Disjunct organic and silt strata separated by sand deposits represent former
salt marshes and lagoons that were buried in the normal course of barrier migration
processes. Interpretations are invariably limited by a lack of close time control
needed to correlate sections and to tie stratigraphic evidence to documented
changes in sea level, storms, inlet activity, overwash, and human disturbances.
Regional pollen spectra from organic and silt strata in a large number of barrier-beach
cores have been matched with spectra from a 210Pb and pollen-dated reference
profile from the centre of the study area on Great South Beach, Long Island,
New York, U.S.A. The dramatic vegetation changes following European settlement
allowed for a high degree of vertical (and thus, temporal) resolution in profiles
of regional pollen. For visual matching of pollen samples, percentages of agricultural-indicator
types, the percentages of all regional types, stratigraphic relationships,
and sediment concentrations of industrially-derived opaque spherules were considered.
Chord-distance comparisons that measure the degree of dissimilarity between
pairs of pollen spectra, produced the same correlations as visual estimates
for 80-87% of the comparisons between spectra of post-settlement age (i.e.

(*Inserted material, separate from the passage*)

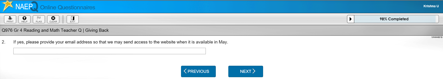 According to the Paperwork Reduction Act of 1995, no persons are required to respond to a collection of information unless it displays a valid OMB control number. The valid OMB control number for this voluntary information collection is 1880-0542. The time required to complete this information collection is estimated to average 90 minutes, including the time to review instructions and complete and review the information collection. If you have any comments concerning the accuracy of the time estimate, suggestions for improving this collection, or any comments or concerns regarding the status of your participation, please write to: National Assessment of Educational Progress (NAEP), National Center for Education Statistics (NCES), Potomac Center Plaza, 550 12th St., SW, 4th floor, Washington, DC 20024.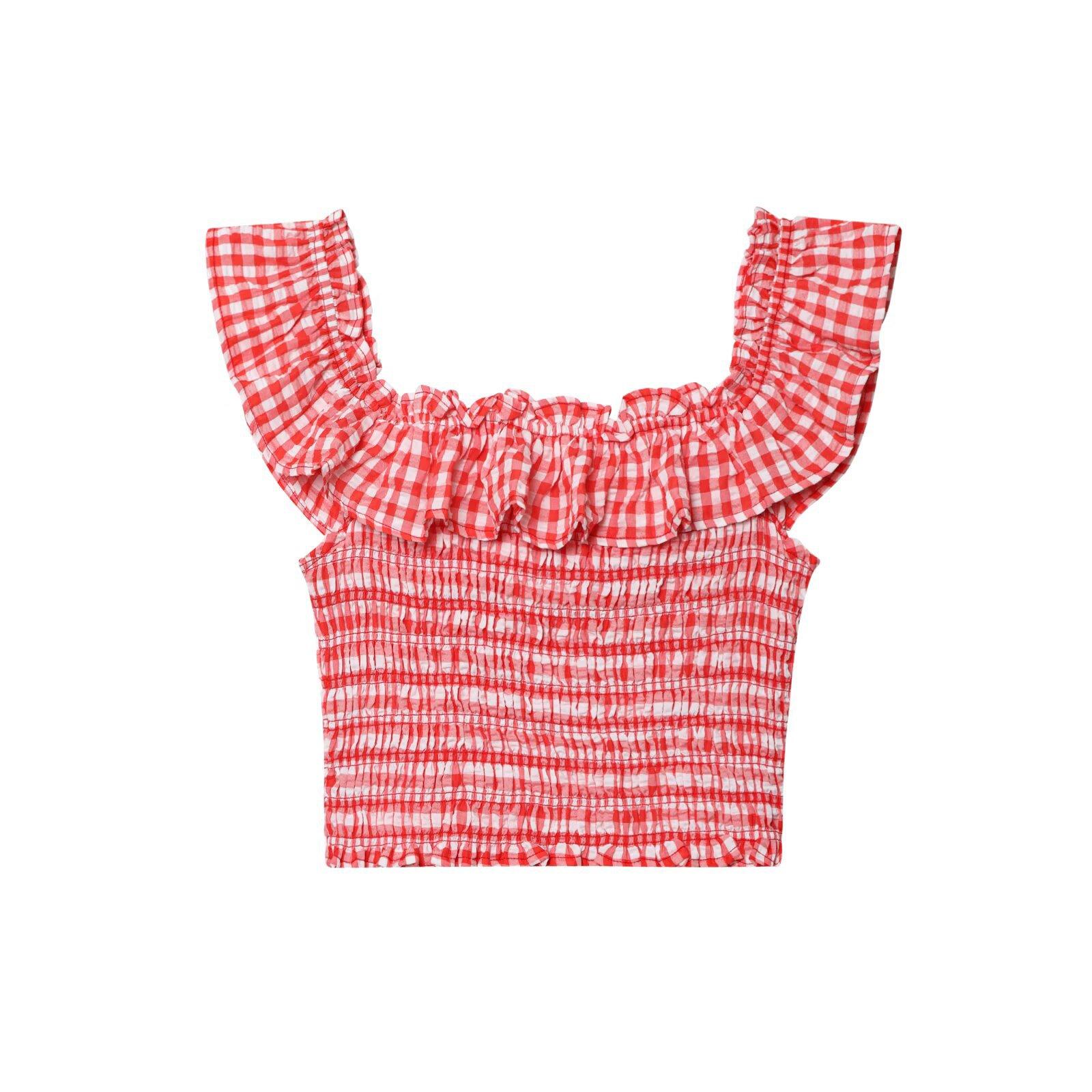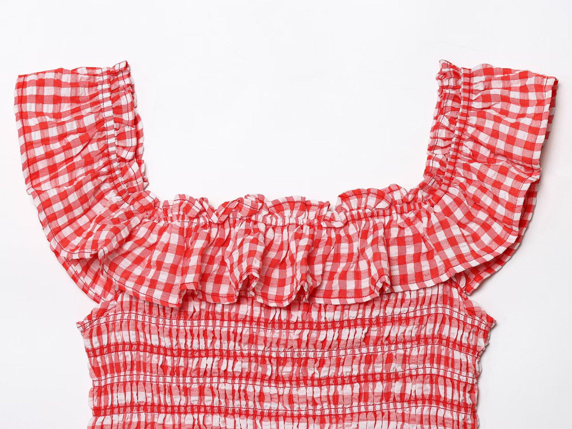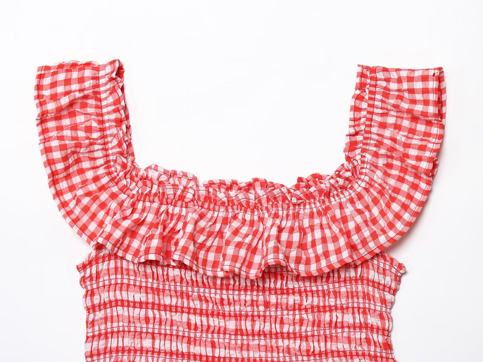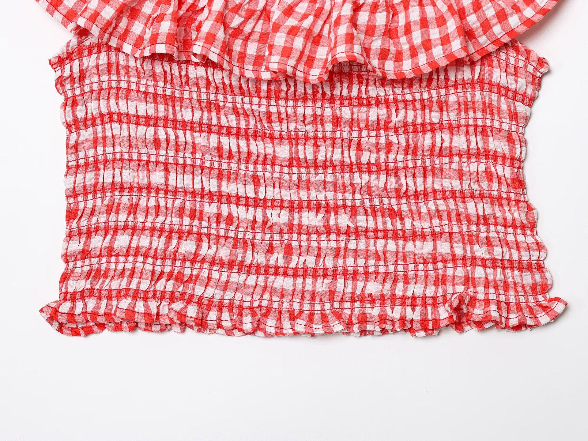 Exportación Transfronteriza Ropa de Mujer 2025 Verano Europeo y Americano Volantes Cuello U Sin Mangas Camisola a Cuadros para Mujer A4620

spectra containing agricultural indicators).
These correlations were used to establish isochrones through a transect of
cores across the barrier beach. 210Pb provided an absolute chronology for a
reconstruction of geomorphic events that included inlet changes, overwash,
and salt-marsh formation. The advantages of the present methods for both absolute
dating and chronostratigraphic correlation were evident when the age estimates
derived from pollen data were compared to 29 14C dates.